Des statistiques qui interpellent

Selon une étude de la FAO, la part des femmes dans la production en aliments est de 80% dans les pays en développement et 50 % dans le monde entier. Et le nombre de ménages ayant pour chef une femme s’accroît dans les zones rurales en raison de l’exode rural.

Au Bénin, les femmes constituent plus de 51,2% de la population, avec 61,3% en milieu rural où elles fournissent 60 à 80% de la main d’œuvre agricole (MCA-Bénin, 2008). Selon les ECVR, la pauvreté est fortement rurale et féminine et le recensement général de la population (RGPH4) publie que 22,7% des chefs de ménages sont des femmes.

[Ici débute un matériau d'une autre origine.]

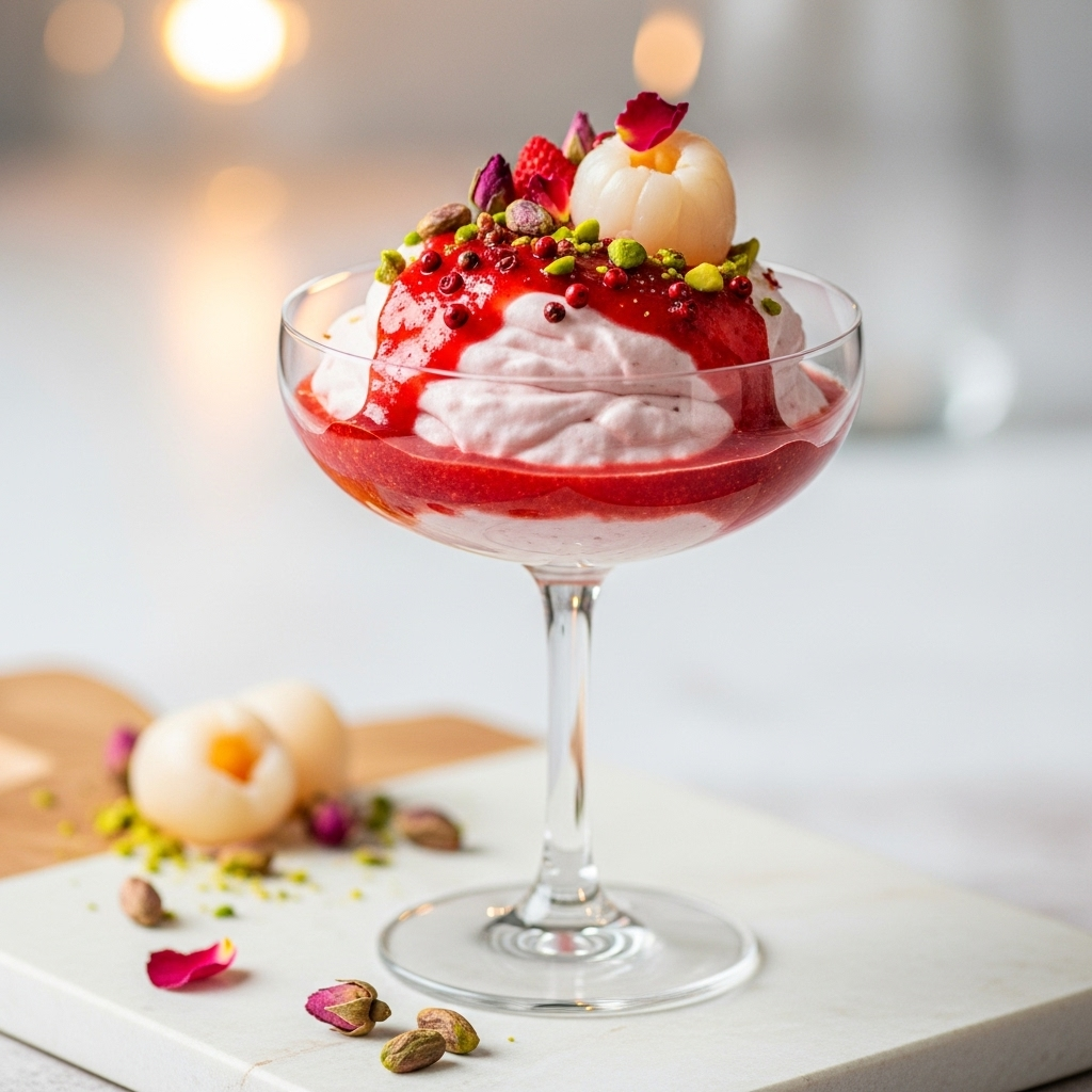 Inspirado na delicadeza do mousse de morango original, esta receita eleva a experiência a um novo patamar de sofisticação e exotismo. O “Néctar de Lichia e Rosas com Pistache Crocante” combina a doçura sutil da lichia com o aroma floral da água de rosas, complementado pela textura crocante do pistache e um toque picante da pimenta rosa. É uma sobremesa que agrada tanto ao paladar quanto aos olhos, perfeita para ocasiões especiais.

Pour ce qui les données du RGPH 2013, le taux de femmes varie d’un département à l’autre et celui du Zou compte 52,2% de femmes. Il se place ainsi un peu en dessus du taux national et fait partie des départements du Bénin ayant un taux élevé de femmes après celui du Couffo qui est à 53,2%.

«Malgré cette présence importante des femmes dans les zones rurales, elles se retrouvent un peu à la traine dans bien de domaines dont l’accès à la terre » note Mme Bankolé. D’où la nécessité d’une politique foncière inclusive. (A.A.)

Cependant, force est de constater qu’une menace grave pèse sur l’activité agricole dans ce département réputée pour l’agriculture : la démographie galopante qui exerce une forte pression sur les terres agricoles. De même que la conséquence de l’urbanisation des communes en milieu rural. «Les menaces sur les terres agricoles rendent plus vulnérables les femmes et les enfants (notamment) les veuves et les orphelins».

Aussi faut-il concilier les enjeux économiques du foncier rural lorsque les terres agricoles sont  affectées par des projets publics d’infrastructures et d’urbanisation par des projets d’implantations d’usine suggère l’Economiste Gbètoénomon : « Le dédommagement doit tenir compte de la nécessité de compensation croisée des impacts et effets négatifs sur le capital productif et le revenu en milieu rural».

Ph: DR-: Mme Solange C. Alitonou Bankolé, juriste, spécialistes des droits humains, genre et développement

Fort de ce constat, Mme Solange Bankolé tire donc la sonnette d’alarme : «Le développement local inclusif nécessite que la gouvernance foncière soit sensible au genre, d’où la nécessité pour les élus locaux, les conseillers communaux et autres décideurs de se mobiliser pour un meilleur accès des femmes à la terre».

Bertrand Yèhouénou martela pour sa part qu’une gouvernance foncière équitable du point de vue du genre doit veiller à ce que, hommes et femmes prennent part de manière égale aux relations foncières à travers des arrangements formels et informels en matière d’administration et de gestion foncière. «L’égalité hommes-femmes constitue l’un des dix principes fondamentaux d’application des Directives volontaires pour une gouvernance responsable des régimes fonciers applicables aux terres, aux pêches et aux forêts dans le contexte de la sécurité alimentaires nationale».

 L’amélioration de la gouvernance foncière appelle donc à : « renforcer la participation de la femme aux instances de décision ; consolider et rendre opérationnels les instruments juridiques ; concevoir et mettre en place des instruments et mesures de politiques économiques sensibles genre ; infléchir les tendances lourdes et à corriger les faiblesses (information-communication et éducation » conclut M. Gbètoénomon.

Un idéal que, acteurs agricoles et élus locaux pourraient atteindre si chacun joue sa partition au niveau qu’il se trouve dans une approche centrée sur le changement du paradigme dans le domaine foncier.